Around this time I also upgraded my pads. The first time I took a real hit and hit the floor, I realized the starter level protective gear was also not cutting it. I invested in some real pads that were made for derby and could take a beating — 187 Derby Pro knee and elbow pads ($90 and $35, respectively).

I passed tryouts. I got drafted to a team. I was a real derby player! My dues increased to $50 a month. I bought uniforms — a dark jersey ($35), a light jersey ($35) and a reversible scrimmage tank ($30). Along the way I decided to go cheer on our AllStars at WFTDA Champs in Nashville (probably around $500, with flight/hotel/copious food and drink). I roadtripped it up to Eugene to do some cheering and some heckling at the Big O ($200?). I went to Tinseltown Showdown in Los Angeles three times — once as a spectator and twice as a skater (probably around $400 or so).

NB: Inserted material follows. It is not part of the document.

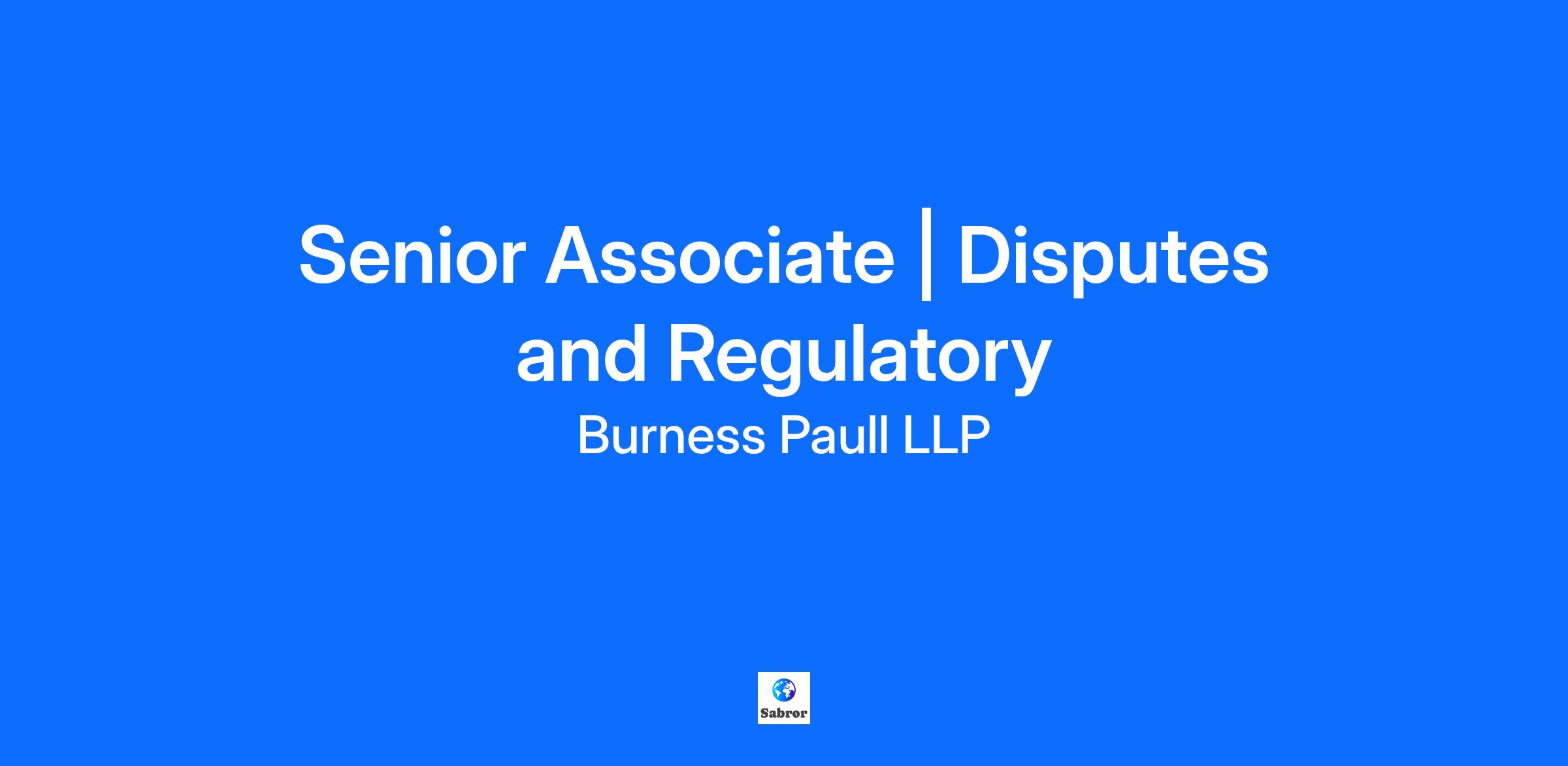 Senior Associate | Disputes and Regulatory Closing Date: 05 December 2025 At the heart of Burness Paull is our independence. It’s this that gives us the licence to shape our business and culture in the sustainable way we want to, supporting the needs of our people, our clients, our wider community and the environment. It means freedom to pursue a philosophy of always being human in attitude and high-performing in approach. For our people that means recognising everyone is different and valuing those differences. A culture that celebrates openness and where genuine advice and relationships are championed. An environment that encourages everyone to aim for success by being the best version of themselves. And because we value the contribution that every one of our team makes, we make sure everyone is rewarded over and above the usual benefits you'd expect from a leading law firm. That means bonus schemes for all employees, family friendly policies that are stand out in the market, and a range of health & wellbeing initiatives that take a holistic approach to supporting colleagues. We set the bar high. Our clients and people love that.
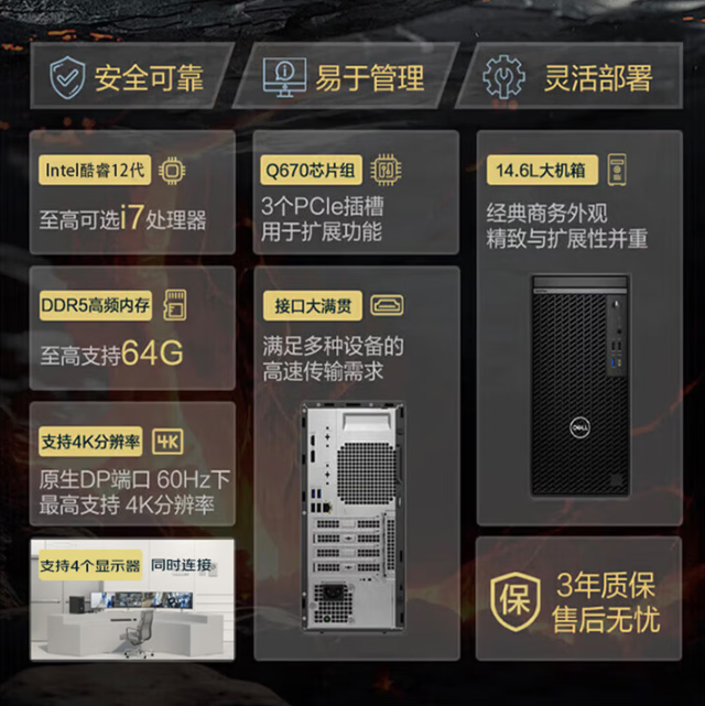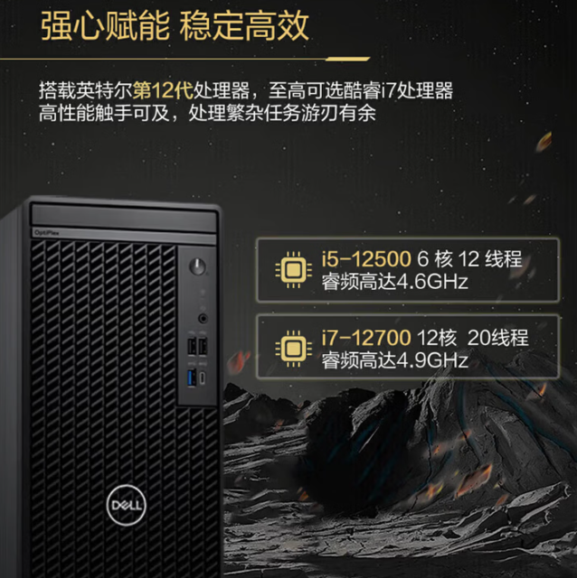 戴尔(DELL) OptiPlex7020MT 12代酷睿商务办公台式电脑主机 设计绘图财务企业采购整机全套 升级款 HT37 主机含键鼠套装 i5-12500 16G内存 1TB固态硬盘

I also started lifting weights and buying protein powder. I got a great deal on personal training but it still added up ($1000 over the course of a year). Protein powder had to be replenished every few months at $30 a pop. Also needing replenishing every few months is the vodka I spray on my pads to help keep the funk down between washings ($10/fifth) and the denture cleaner I soak my mouthguard in to keep it from . . . growing stuff (I learned the hard way that rinsing it with water is not enough) ($6/120 tablets). I also started engaging in what’s turning out to be a tried and true ritual with my liquor store guy, wherein I request “the cheapest fifth of vodka you have” and he offers me three or four differently priced options, as if someone who marches into a liquor store and requests such a thing is apt to be picky.

A few years in I snapped a ligament in my ankle (the anterior talofibular, if you were wondering) during a routine scrimmage. This added a visit to urgent care, some x-rays, a follow-up appointment and some physical therapy ($424), a fancy brace ($32) and a bunch of Ubers because I couldn’t ride my bike to work ($40). As an additional fun result of this, I now have an old-person-like weather-related malady, which is to say that when it’s cold out, my ankle aches.

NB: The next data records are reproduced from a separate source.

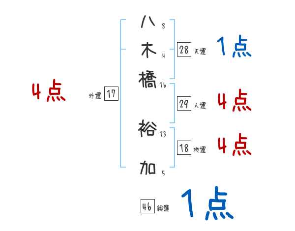 | 人運  | 八木橋裕加さんの人運は29画の4つ星!完全主義で才能がある。厳格な心の持ち主。性格や才能などを表す2番目に重要な運勢です。人間関係や協調性、社会的な成功に影響します。主に20歳から50歳ぐらいまでの中年期の運勢を表します。 |
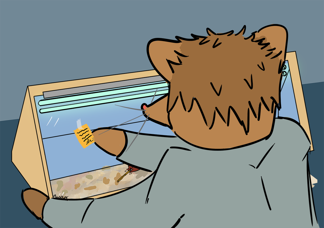 You have been watching it check the other cells for hours now. Every once in a while, the creature takes one of your siblings and brings them to another room.
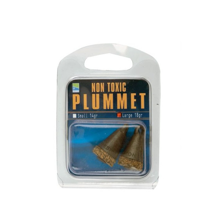 Large diameter top hole and grooved body for line location. Non-toxic alloy with flat cork base for accurate plumbing. Two per packet. Available in two sizes: 14g and 18g.
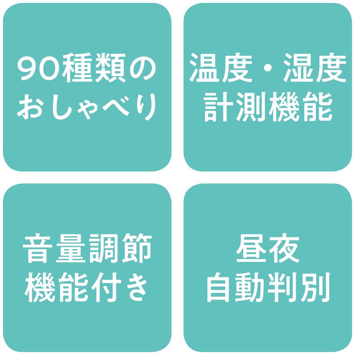 90種類のおしゃべり 温度・湿度計測機能 音量調節機能付き 昼夜自動判別
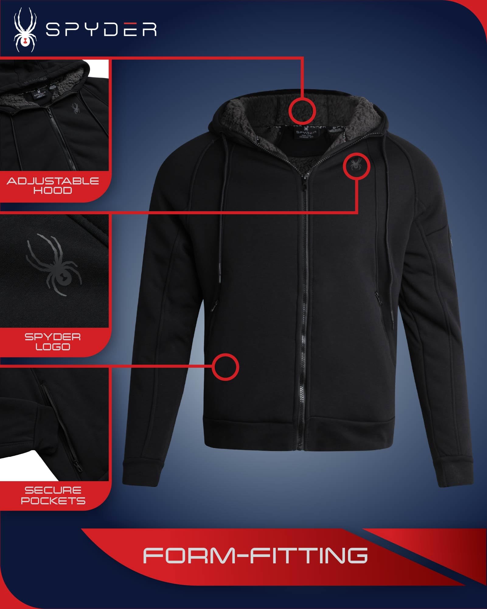 - OFFICIALLY LICENSED SPYDER: Fleece Jacket for Men with Sherpa Lining; Products built with over 40 years of performance research in the science of speed
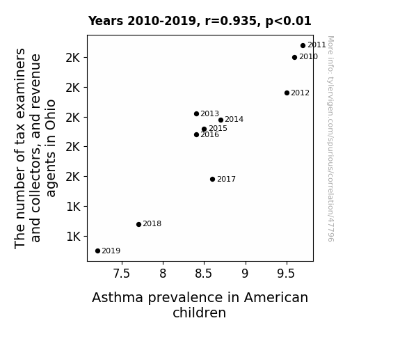 This means 87.5% of the change in the one variable (i.e., Asthma prevalence in American children) is predictable based on the change in the other (i.e., The number of tax examiners and collectors, and revenue agents in Ohio) over the 10 years from 2010 through 2019.
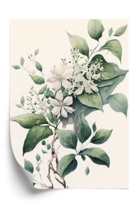 Plakat Białe Kwiaty Na Zielonej Gałązce
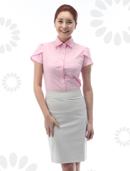 重庆定做粉色短袖女衬衫精选优质面料,女式衬衫泡泡袖做工细致穿着舒适,专业的银行夏季工服衬衫订做厂家,知名企业量身订制制服女士衬衫品牌值得信赖.
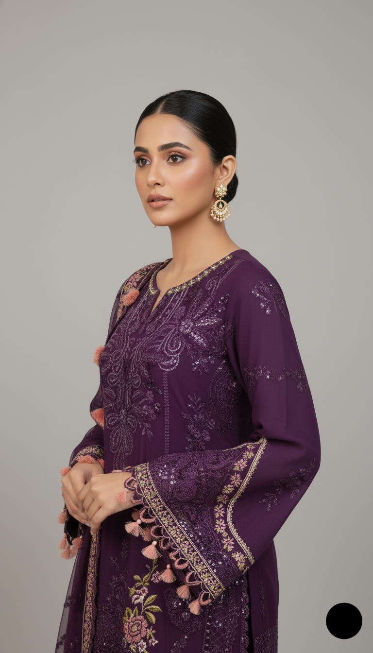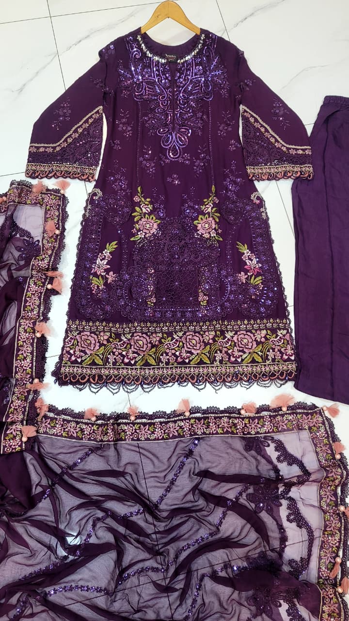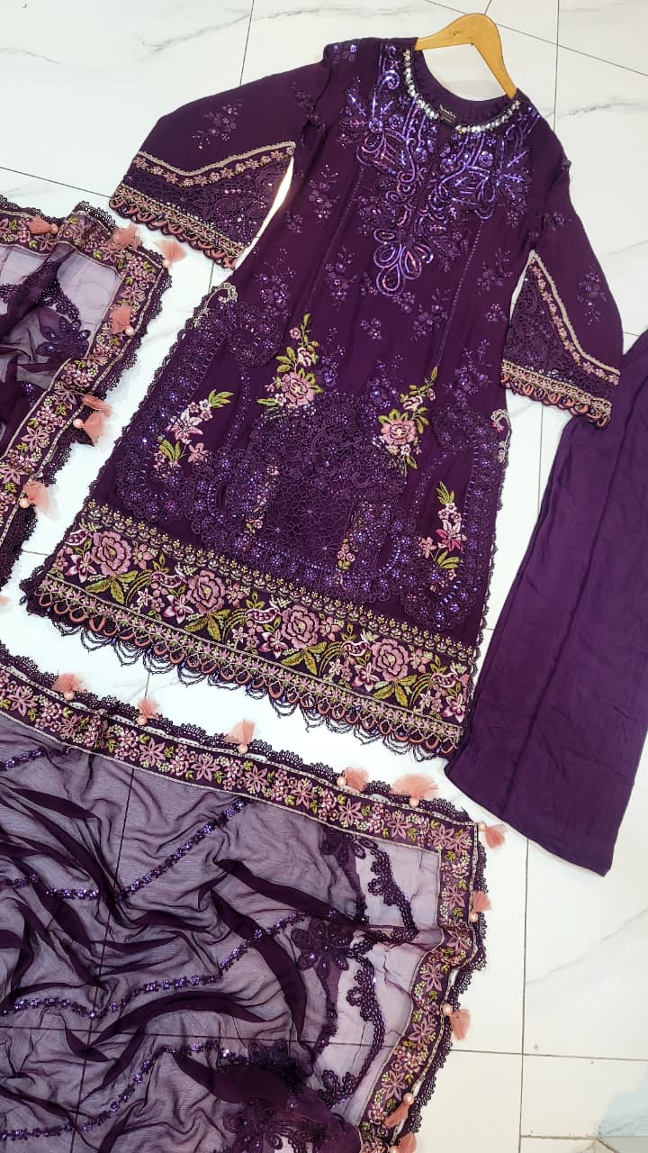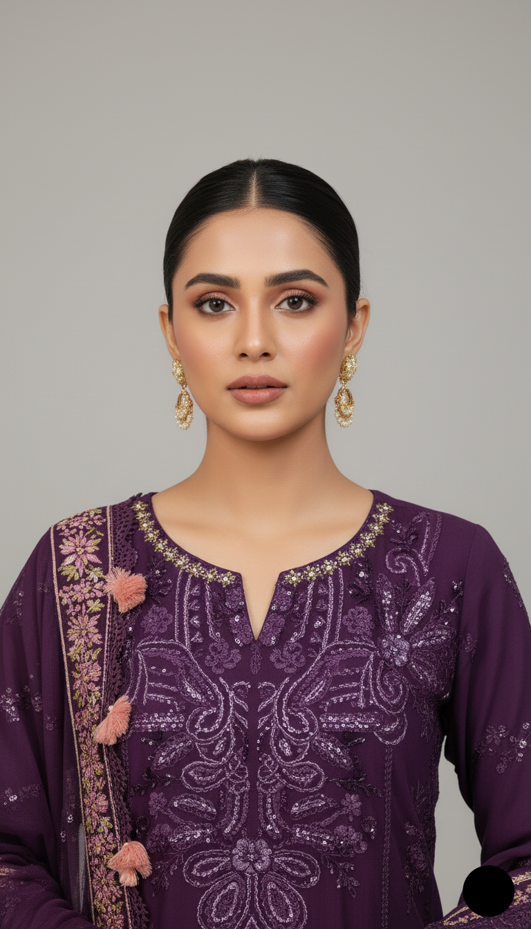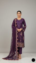 This sophisticated 3-piece outfit features a chiffon straight shirt with a flattering length of 46 to 48 inches, delivering an elegant and timeless look. It is paired with comfortable and sleek grip fabric trousers, and a matching chiffon dupatta that adds fluidity and grace to the ensemble. Weighing approximately 1.250 kg, this outfit offers a perfect blend of style, comfort, and quality—ideal for formal events, festive occasions, or traditional gatherings.

Along the way I’ve maintained my skates and bought new sets of wheels as they’ve worn down and new bearings because I’m too lazy to clean the old ones. New laces, new toe stops, pivot cups, mouthguards and other sundries also go on the the list. Let’s also not forget to mention the numerous angst beers consumed after practices while commiserating with my teammates about making rosters, doing drills and who said what to who and how they said it. I’m going to estimate that at an extremely conservative $400 over the past four years.

In summary:

  • $1,515 on equipment and gear
  • $2,355 on league dues, skating clinic and rink entry
  • $1,100 on travel, both as a spectator and a skater
  • $200 on repping my league and looking fresh
  • $496 on getting hurt and getting better
  • $1,000 on personal training
  • $670 on consumables (protein powder and angst beers)
  • $84 on inhibiting bacterial growth (vodka and denture tablets)

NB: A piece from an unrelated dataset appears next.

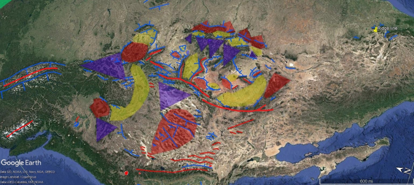 If you study Earth’s surface and look at details in it’s form, there are obvious patterns. Arcing patterns of mountain ranges and island chains, strange swirls and looping cracks on the ocean floor, and on close inspection there is harmony in the shape of mountains and other terrain. Sometimes it’s geometric, with triangles, arcs and star patterns, but usually it’s more fluid, like a crazy paisley.
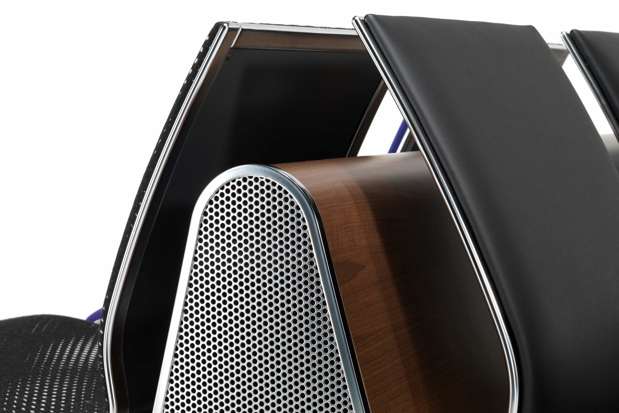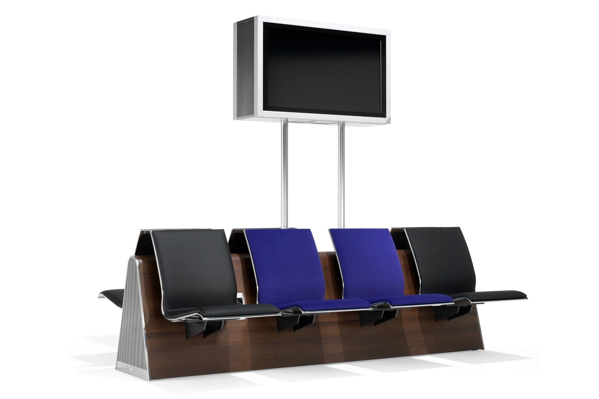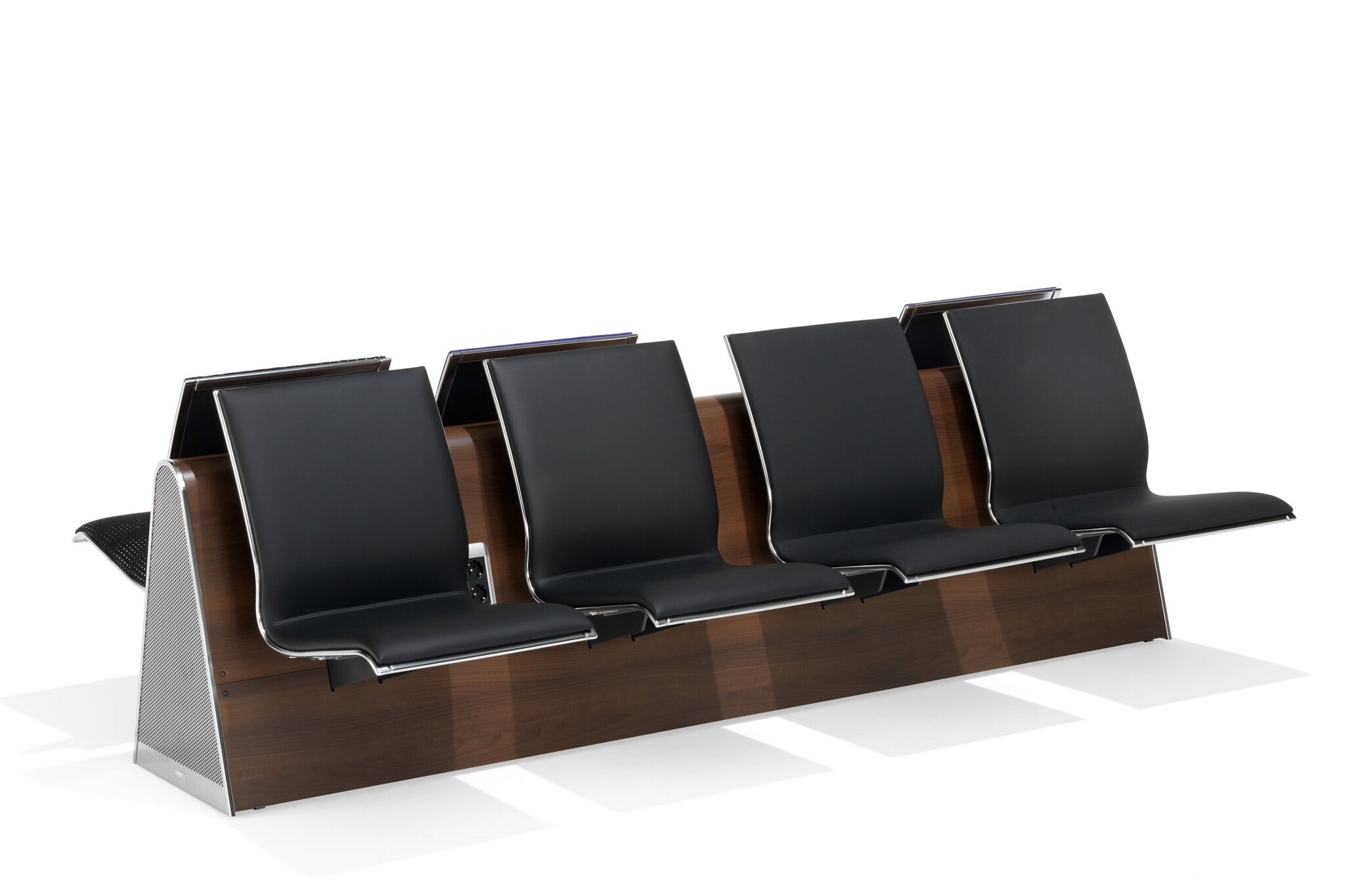 Kusch Terminal 7500 vereinigt zitcomfort en techniek in een bank. Het frame draagt niet alleen de zijdelings bevestigde zitschalen, maar biedt ook plaats aan een brede waaier aan technische installaties, zoals de airconditioning met luchtuitlaten, de stroomkabels met stopcontacten voor laptops of de kabels voor de luidsprekers of monitoren voor akoestische en visuele mededelingen. Ontworpen voor plaatsen waar vele mensen samenkomen, bijvoorbeeld in de foyers van hotels, van conferentiezalen en congrescentra of in de wachtzalen van stations of luchthavens. Materialen stof metaal hout

A total of $7,420. And I’m sure I forgot some things. Being confronted with this number is a little shocking. I knew it would be high but I wasn’t expecting this. I will say that the emotional payout of finding a new community of like-minded women that just want to strap on some skates and hit a bitch has been, shall I say, priceless. But still. $7,000??? Excuse me. I gotta go skate it out.

Julia Sheng skates for Bay Area Derby, enjoys a good post-practice beer, and has been known to offset some of her derby costs by selling her bone marrow. She would like you to know all thoughts are her own and not representative of Bay Area Derby’s take on the world.